Perkembangan sistem saraf bayi dan anak kecil belum sempurna, serabut saraf di luar lapisan parsel “mielin” bagian belum sepenuhnya terbentuk, efek isolasi dan perlindungan buruk, setelah rangsangan, dorongan kegembiraan mudah digeneralisasikan, pada saat yang sama, bayi dan anak kecil dengan fungsi kekebalan tubuh yang rendah, mudah terinfeksi kejang-kejang yang diinduksi. Ketika bayi dan anak kecil menua, perkembangan sistem saraf sudah sempurna, seringkali tidak lagi muncul gejala kejang-kejang.
Kejang demam kompleks atau ensefalopati toksik dan penyebab kejang lainnya sulit disembuhkan sendiri, perlu memperjelas penyebab pengobatan, termasuk pengobatan umum, pengobatan antikonvulsan, pengobatan etiologi dan pengobatan simtomatik.
1. Perawatan umum: amati dengan seksama, catat kinerja kejang secara spesifik, jaga agar jalan napas tetap terbuka, dan berikan oksigen bila perlu.

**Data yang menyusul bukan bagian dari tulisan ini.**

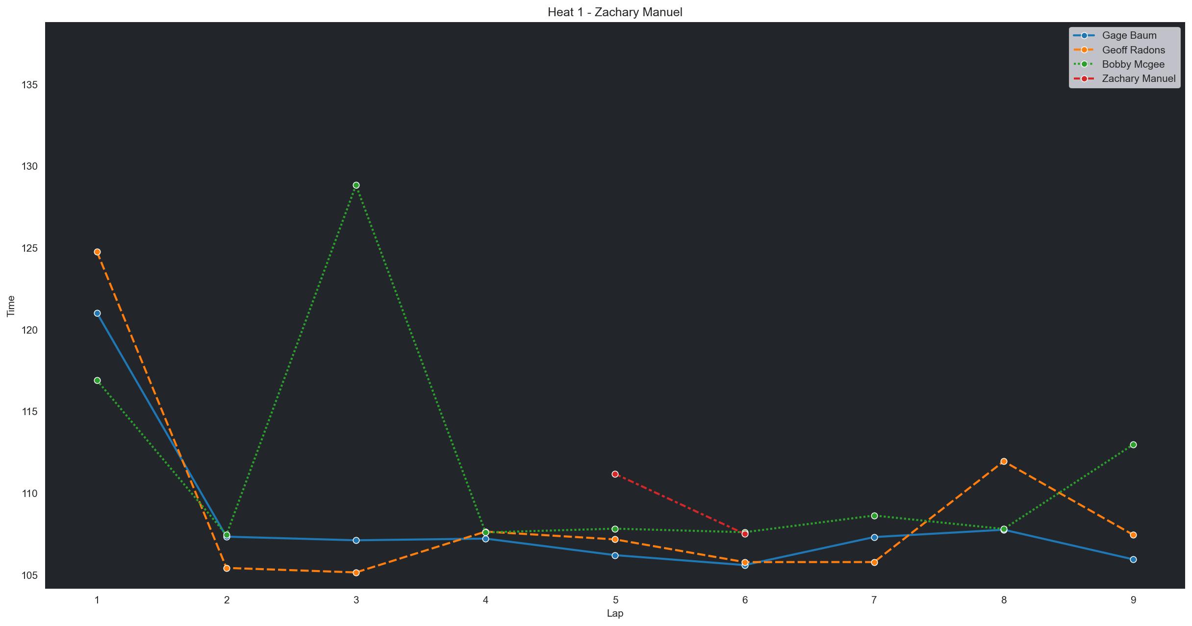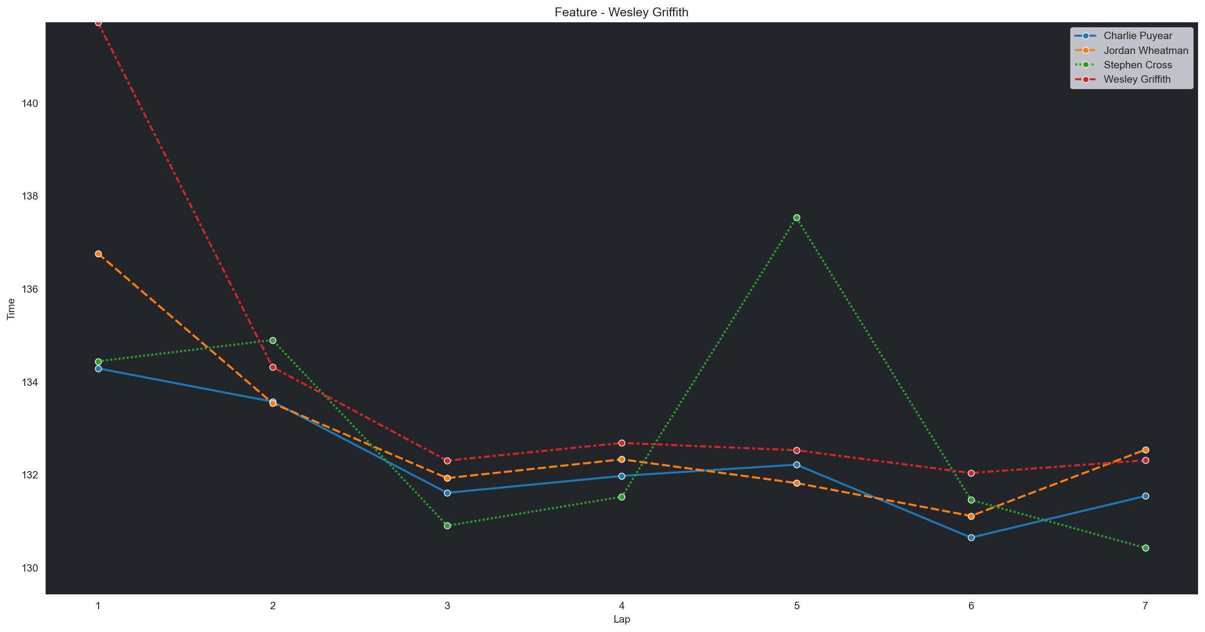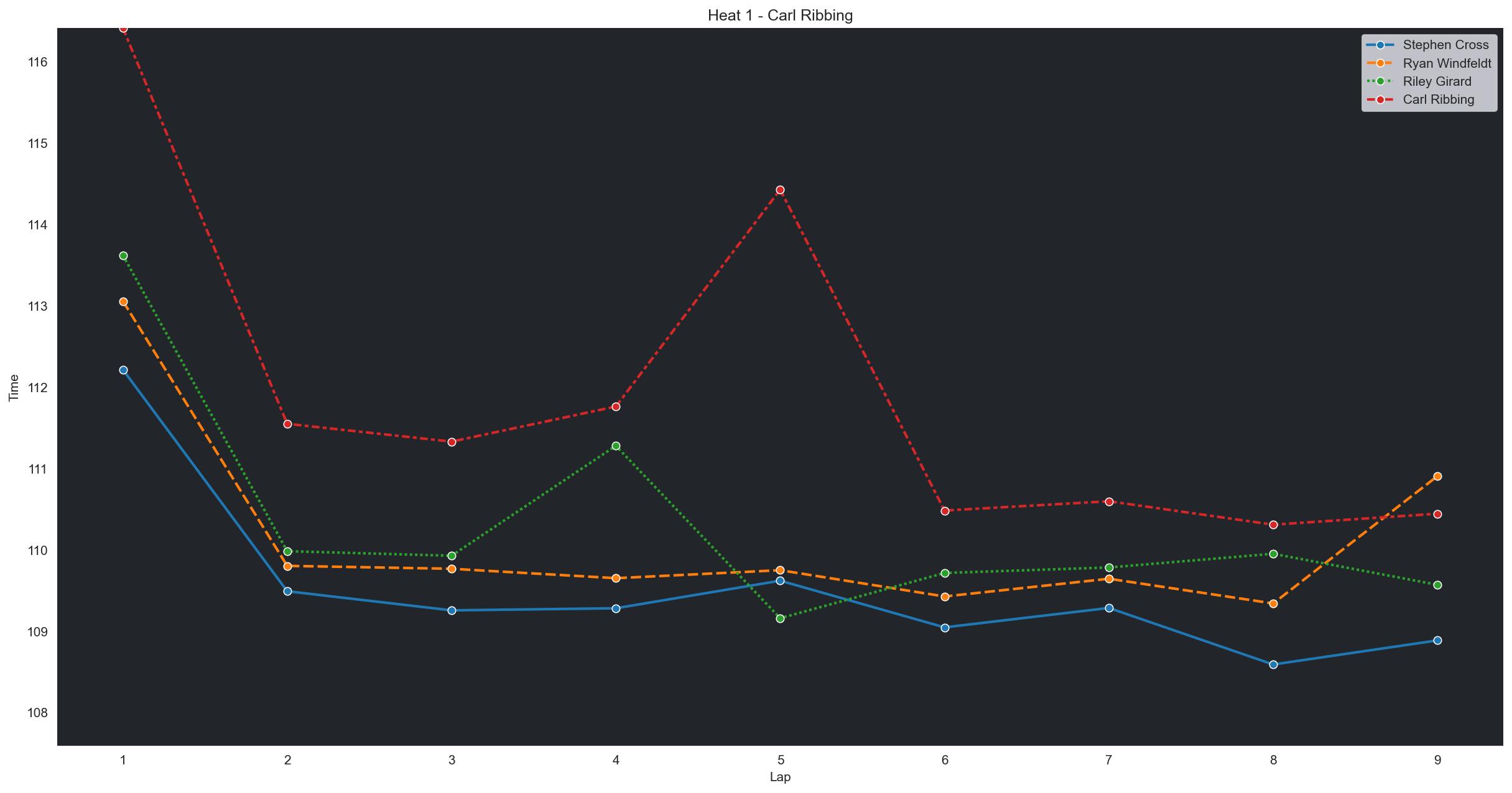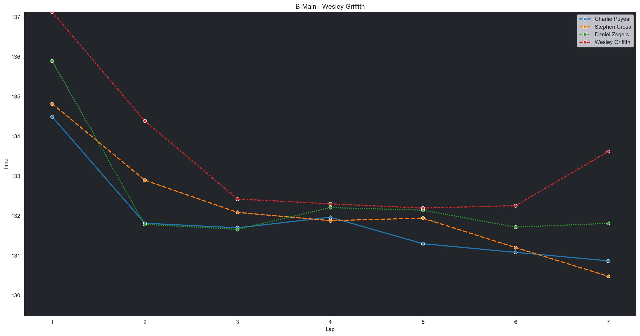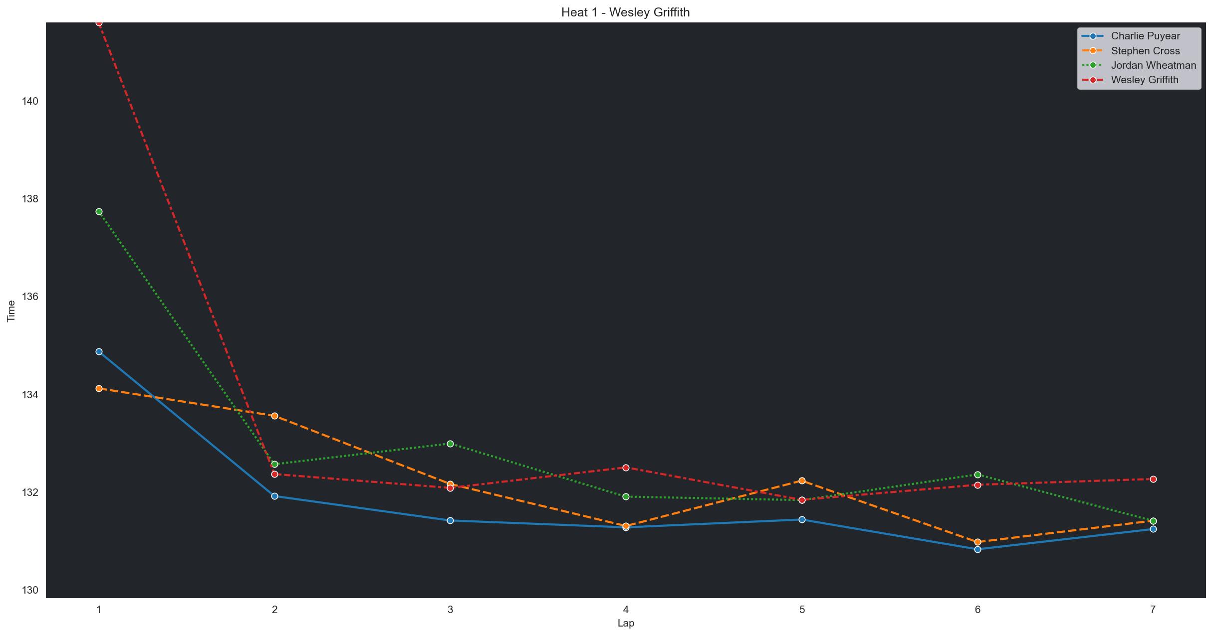 | Wesley Griffith | 4 | 6 | 2:21.6013 | 2:12.3642 | 2:12.0816 | 2:12.5009 | 2:11.8368 | 2:12.1452 | 2:12.2640 | 0 | |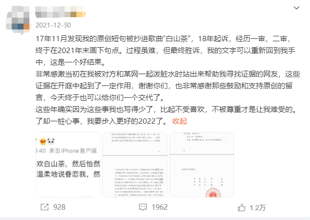 这并非是陈雪凝第一次被卷入抄袭风波,2017年11月,一名微博博主发现自己在2013年写的原创短句被抄袭进陈雪凝的歌曲《白山茶》中,2018年该博主起诉,经过一审二审,最终在2021年年底胜诉,法院判定该文案属于博主的原创,陈雪凝败诉并赔偿博主3万余元。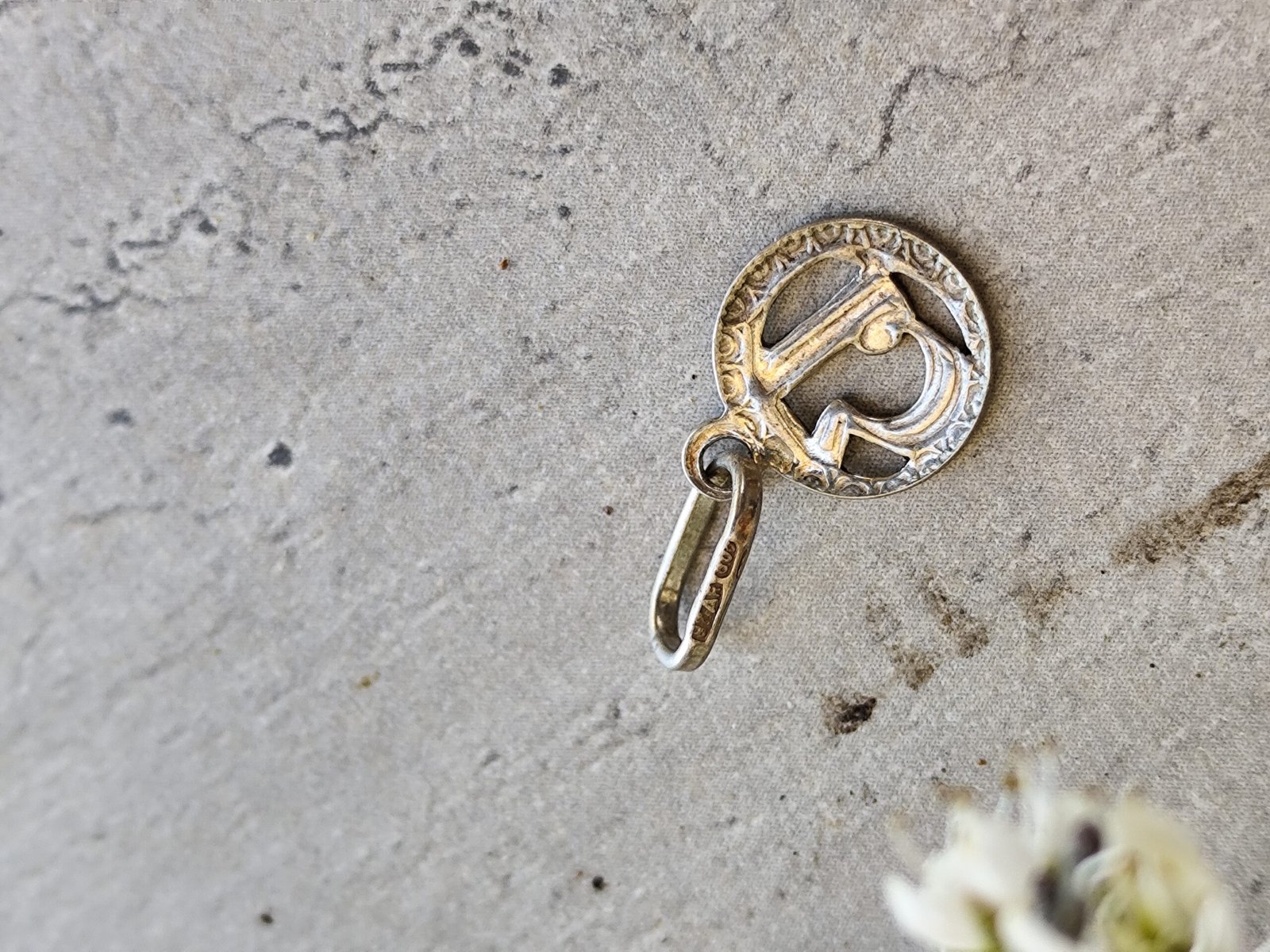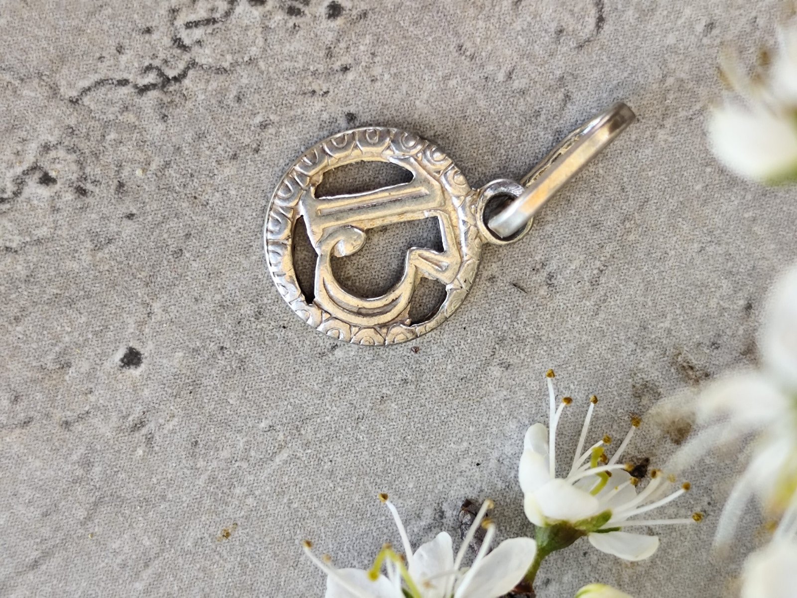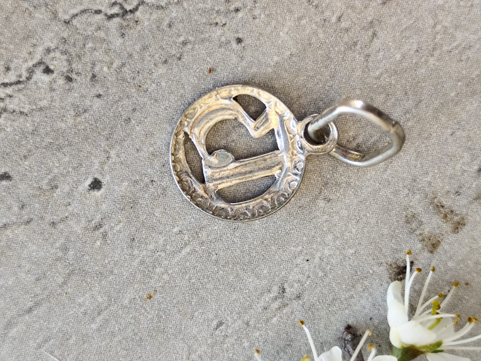 Un pendentif en argent au charme mystérieux, façonné dans une forme ronde et orné d’un chiffre 13 en relief. Sa bordure finement ciselée lui donne une allure ancienne, presque talismanique, comme un petit fragment d’histoire porté contre la peau.

2. Pengobatan anti-kejang: benzodiazepin yang disukai seperti diazepam, midazolam; juga dapat memilih natrium fenobarbital, penyerapan lambat umumnya tidak digunakan dalam keadaan darurat; masih belum dapat mengontrol gejala kloral hidrat dapat digunakan sebagai enema, kejang-kejang terus meneteskan natrium fenitoin.
3. Pengobatan etiologi: jika infeksi disebabkan oleh antibiotik seperti penisilin harus diminum tepat waktu sesuai dengan saran medis, jika disebabkan oleh keracunan harus tepat waktu untuk memilih penawar racun yang tepat sesuai dengan saran medis.
4. Pengobatan simtomatik: demam tinggi dapat menggunakan metode fisik untuk menurunkan suhu, seperti mandi alkohol, atau minum obat seperti ibuprofen. Pada saat yang sama, perbaiki gangguan air dan elektrolit.
Dianjurkan untuk pergi ke rumah sakit tepat waktu untuk mengidentifikasi penyebab pengobatan yang ditargetkan untuk mencegah penundaan kondisi konsekuensi serius.